TDC : machine learning and biomedicine {data set and LB}

Biomedicine is one of the most important application scenarios of machine learning . But biomedicine covers a variety of tasks, the data is very complex, and the acquisition and processing of data requires a lot of professional knowledge. This has resulted in many machine learning researchers who can only do method research on a small number of relatively well-known but much-researched tasks, while ignoring a large number of meaningful but very lacking machine learning methods research tasks. To solve this problem, a group of students and professors from Harvard, MIT, Stanford, CMU, UIUC, Georgia Tech, IQVIA launched Therapeutics Data Commons (TDC), the first large-scale data set of machine learning in biomedicine. .

TDC : machine learning and  biomedicine {data set  and LB}

Biomedicine is one of the most important application scenarios of machine learning . But biomedicine covers a variety of tasks, the data is very complex, and the acquisition and processing of data requires a lot of professional knowledge. This has resulted in many machine learning researchers who can only do method research on a small number of relatively well-known but much-researched tasks, while ignoring a large number of meaningful but very lacking machine learning methods research tasks. To solve this problem, a group of students and professors from Harvard, MIT, Stanford, CMU, UIUC, Georgia Tech, IQVIA launched Therapeutics Data Commons (TDC), the first large-scale data set of machine learning in biomedicine. .

TDC currently contains 20+ meaningful tasks and more than 70 high-quality data sets, covering the discovery of target proteins, pharmacokinetics, safety, and drug production. And not only small molecules, but also antibodies, vaccines, miRNAs, etc. Later, CRISPR, Clinical Trials, etc. will be added. These data are processed to be directly input into the machine learning model. And most of them are new pits! We also provide some leaderboards to provide model SOTA comparison.
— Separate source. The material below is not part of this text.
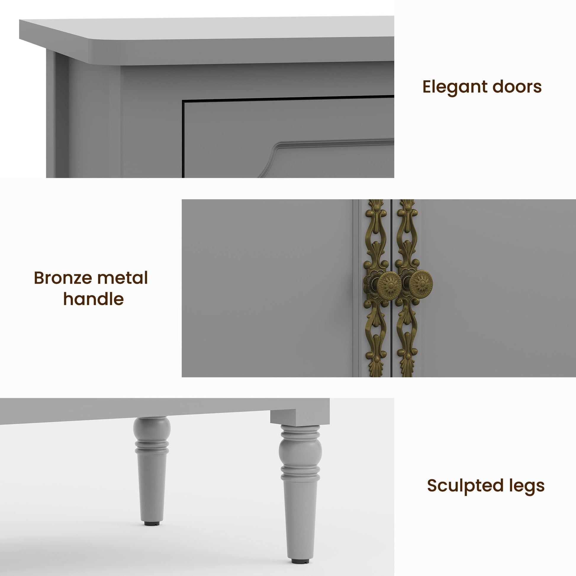 - 【Exuding Elegance & Sophistication】- This decorative cabinet features intricately carved antique bronze handles paired with graceful solid wood legs. Enhanced by a smooth eco-friendly finish and rounded corner detailing, it embodies refined authority from every perspective - whether admired from afar or examined closely, effortlessly elevating your living space with timeless grace and noble charm.

Everyone is welcome to use TDC and provide suggestions! For more information, please visit the website and GitHub !

Website : zitniklab.hms.harvard.edu 

GitHub : github.com/mims-harvard 

Quote :

@misc{tdc,
author={Huang, Kexin and Fu, Tianfan and Gao, Wenhao and Zhao, Yue and Roohani, Yusuf and Leskovec, Jure and Coley, Connor and Xiao, Cao and Sun, Jimeng and Zitnik, Marinka},
title ={Therapeutics Data Commons: Machine Learning Datasets for Therapeutics},
howpublished={\url{ https:// zitniklab.hms.harvard.edu /TDC/}},
month=nov,
year=2020
}

Team : Harvard University, Georgia Tech, Massachusetts Institute of Technology, Carnegie Mellon University, Stanford University, IQVIA, University of Illinois at Urbana-Champaign


background

In recent years, machine learning (ML) has been developed and applied in the field of biomedicine. For example, the recent AlphaFold2 has greatly improved the effect of protein structure prediction[1], and the powerful antibiotic Halicin predicted by ML[1] 2] etc. However, acquiring and processing raw biomedical data into ML-Ready data requires a lot of professional knowledge, and it is difficult for machine learning researchers to process it quickly and accurately. Moreover, biomedicine is a huge field, many data sets are scattered in every corner, and there is no central platform to organize and obtain these data. For these reasons, current ML researchers only focus on a few tasks in method research to improve the results on a few small data sets. However, a large number of meaningful tasks have not been advanced by ML. Method researched . This greatly reduces the research progress of ML in the field of biomedicine.

TDC introduction


TDC Team

To solve this problem, 

from Havard ,from Georgia Tech, Wenhao of MIT, myself, Yusuf of Stanford, and our mentors Connor, Jure, Jimeng, Danica and Marinka, jointly launched Therapeutics Data Commons (TDC), the first major Large-scale ML data sets and benchmarks in biomedicine.


TDC Overview

In the first version, we have compiled more than 20 very meaningful tasks and more than 70 data sets of ML in biomedicine , including the discovery of target proteins, pharmacokinetics, safety, and drug production. . And not only small molecules, but also antibodies, vaccines, miRNAs, etc. In addition to the data itself, we noticed that there are many frequently used data functions when doing research, so we also provide many functions to support the research of ML in biomedicine. All ML-ready data and data functions can be obtained with only three lines of code !


TDC Vision

Through TDC, the ultimate goal we want to achieve is to serve as a connection point: people in the biomedical industry find meaningful domain problems, TDC turns it into an ML task and processes it into ML-ready data, and then ML researchers can Quickly use TDC to design cutting-edge ML methods. In this way, we hope to help people in the ML community focus on solving practical and valuable biomedical problems.


TDC Modular Design

The structure of TDC

Next, let me introduce TDC in detail. The purpose of TDC is to cover a variety of tasks, and each task has a different data structure. Therefore, we have proposed a three-tier hierarchical structure-we call it TDC "Central Dogma" (Central Dogma). As far as we know, this is the first attempt of systematic evaluation of machine learning in the entire biomedical field.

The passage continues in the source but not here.